Print the listing below only from the line that has "9/17 고등부 주보" through the line that has "modern tabletop decor", exactly, and drop any picture.

RECORDS SUPPLIED:
------------------------------------------------------------

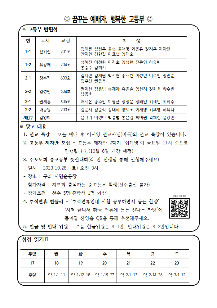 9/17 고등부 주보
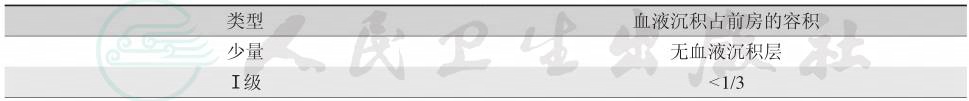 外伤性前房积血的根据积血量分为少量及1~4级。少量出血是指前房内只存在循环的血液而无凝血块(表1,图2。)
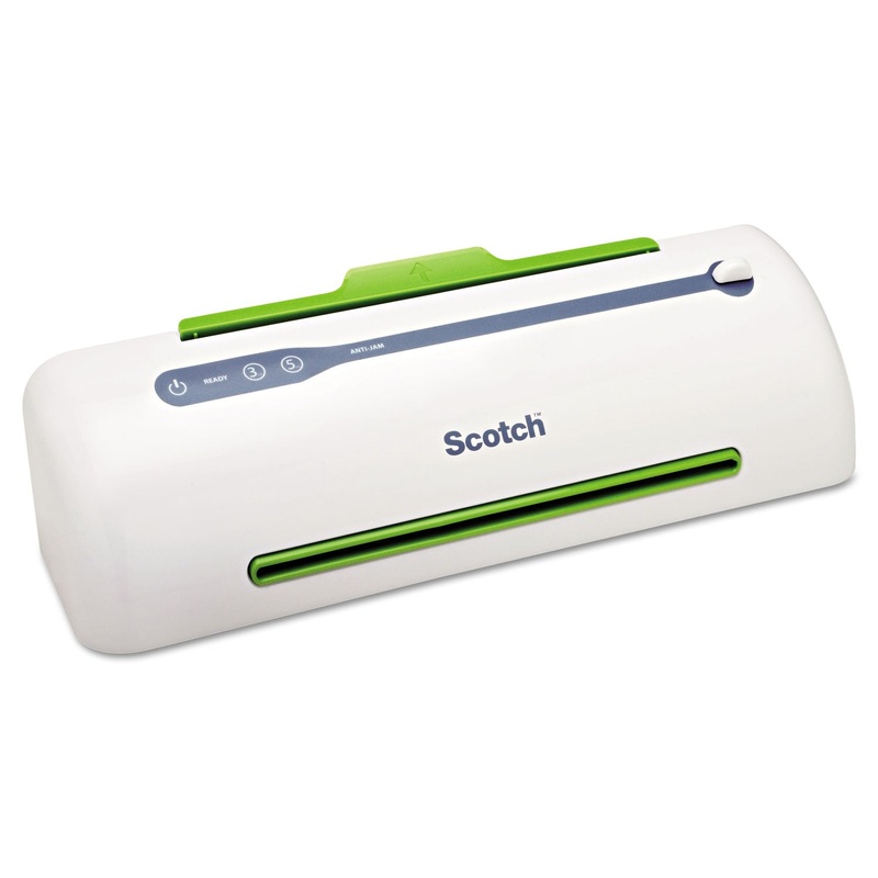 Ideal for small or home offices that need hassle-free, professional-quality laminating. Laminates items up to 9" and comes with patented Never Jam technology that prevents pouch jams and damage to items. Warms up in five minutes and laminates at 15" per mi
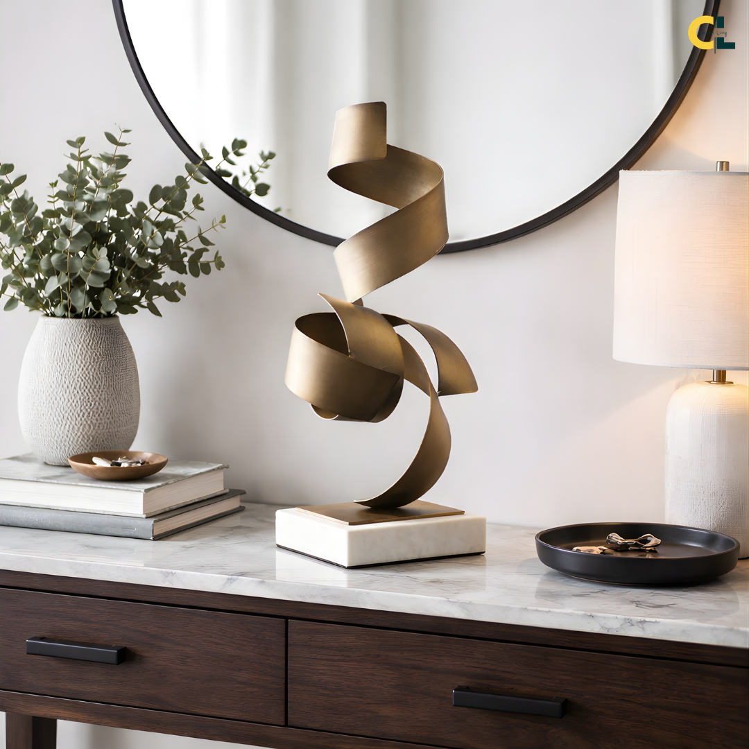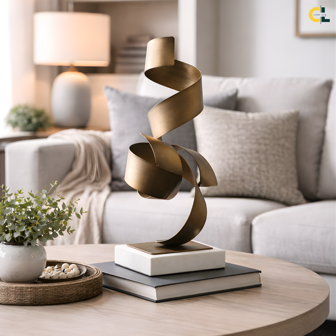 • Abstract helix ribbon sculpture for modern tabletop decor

------------------------------------------------------------

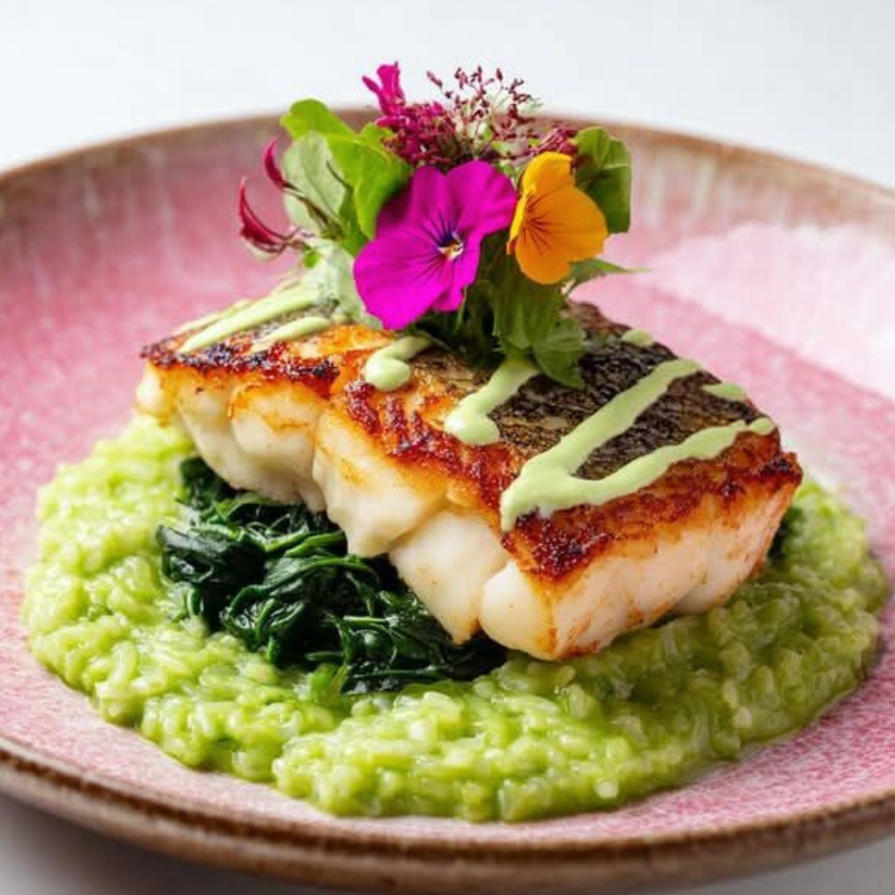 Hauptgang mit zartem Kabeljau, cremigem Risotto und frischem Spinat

------------------------------------------------------------

EXERCISE OUTPUT:
 9/17 고등부 주보
 外伤性前房积血的根据积血量分为少量及1~4级。少量出血是指前房内只存在循环的血液而无凝血块(表1,图2。)
 Ideal for small or home offices that need hassle-free, professional-quality laminating. Laminates items up to 9" and comes with patented Never Jam technology that prevents pouch jams and damage to items. Warms up in five minutes and laminates at 15" per mi
 • Abstract helix ribbon sculpture for modern tabletop decor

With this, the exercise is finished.